After letting my spirituality go dormant for several years, I’m being drawn back to Paganism. But even without actively practicing my spirituality, my beliefs grew and changed. What’s relevant to this post is that I’ve become a nontheist, which makes offerings both a philosophical and a practical issue for me. With no sense that there are gods as such, why make offerings at all? If I did so, would it be out of habit or superstition, or can I do it without losing my integrity? And if I’m going to make offerings, what should they be and how should I do it?
Time, pondering, and Google (“why make offerings”) gave me some answers to the philosophical dilemma to think about. One Buddhist site explained, “We make offerings to create positive energy and develop good qualities such as giving with a respectful attitude and gratitude. Moreover, the offerings remind us of certain teachings of the Buddha.” I also realized that theists consider these issues as well—why do you offer a libation to a god who doesn’t need it? So on a Hellenic site, I read that we are attracted to the beauty and goodness of the gods, and offerings express that attraction. I can see making offerings that remind me of qualities of the gods that I want to emulate. And while I am not convinced that there are actual gods out there, I see beauty in what they represent. I’ll need to think about this more, but I’m starting to see reasons that I might make offerings nowadays and mean it. And these were just the reasons I found on two sites; there were pages of results I haven’t gotten to yet.
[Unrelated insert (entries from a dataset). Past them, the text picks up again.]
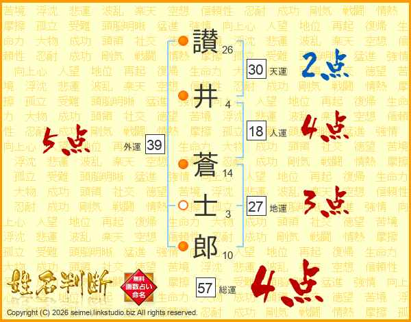 讃(26画)井(4画) 蒼(14画)士(3画)郎(10画)
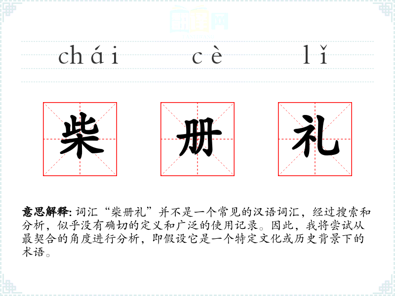由于“柴册礼”不是一个标准词汇,我们无法给出确切的字面意思和基本含义。但可以推测,“柴”可能与木柴或燃料有关,“册”可能与书籍或记录有关,“礼”通常指礼仪或仪式。因此,“柴册礼”可能指的是与木柴或燃料相关的某种仪式或记录。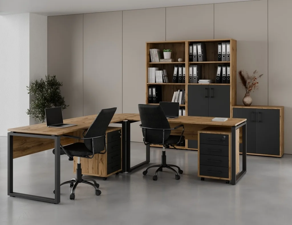 Předložená ukázka ukazuje jednu z možných konfigurací kancelářského prostoru složeného z jednotlivých dílů, které nabízíme i samostatně. K sestavě patří psací stůl o délce 150 cm, dále rohové spojovací prvky pro propojení stolů (65 cm šířky, 2,2 cm tloušťky a 65 cm výšky), uzamykatelný kontejner ve dvou kusech (41,6 × 63 × 50 cm).

However the philosophical angle comes out, the practical aspect continues to challenge me. Right now, I feel drawn toward specific gods and goddesses from Greek and Roman mythology. One of those goddesses is Hestia, and one of the best-established facts about Hestia is that traditionally she receives the first and last parts of any sacrifice in the household. If I decide to honor her (or the idea of her) with physical offerings, I’ve got to figure out what to do with them. Many Pagans pour drinks out on the lawn and leave food for the local wildlife. This works if you live in a house, but I’ve never figured out how to do that while living in an apartment. My current apartment building has no backyard, just a parking lot connected to an alley. There are a couple of patches of grass out back, but they’re directly in front of the garden-level apartments, and I don’t want to be practically standing in the neighbors’ living room while leaving offerings. So I’ve ended up waiting until well after sunset, going out to the far end of the parking lot, and slipping offerings under a tussock of grass hidden from view by the recycling bins. Any devout thoughts of gods, nature, the seasons, beauty, or whatever is driven out by the practical concerns of trying not to trip or slide on anything in the poor lighting and worrying that someone will see me and start asking questions. As a religious practice, it lacks something. A daily offering to Hestia? Ha. I tried taking a single flake of breakfast cereal, leaving it in front of her statue until I left for work in the morning, and then tossing it in the bushes lining the alley as I headed for the bus. It felt like littering. I quit.
So the issue of my making offerings (or not) isn’t resolved by any means. But if I choose to make offerings, it will be because doing so means something to me spiritually, which is more than placing a bit of money in an offering plate has ever managed.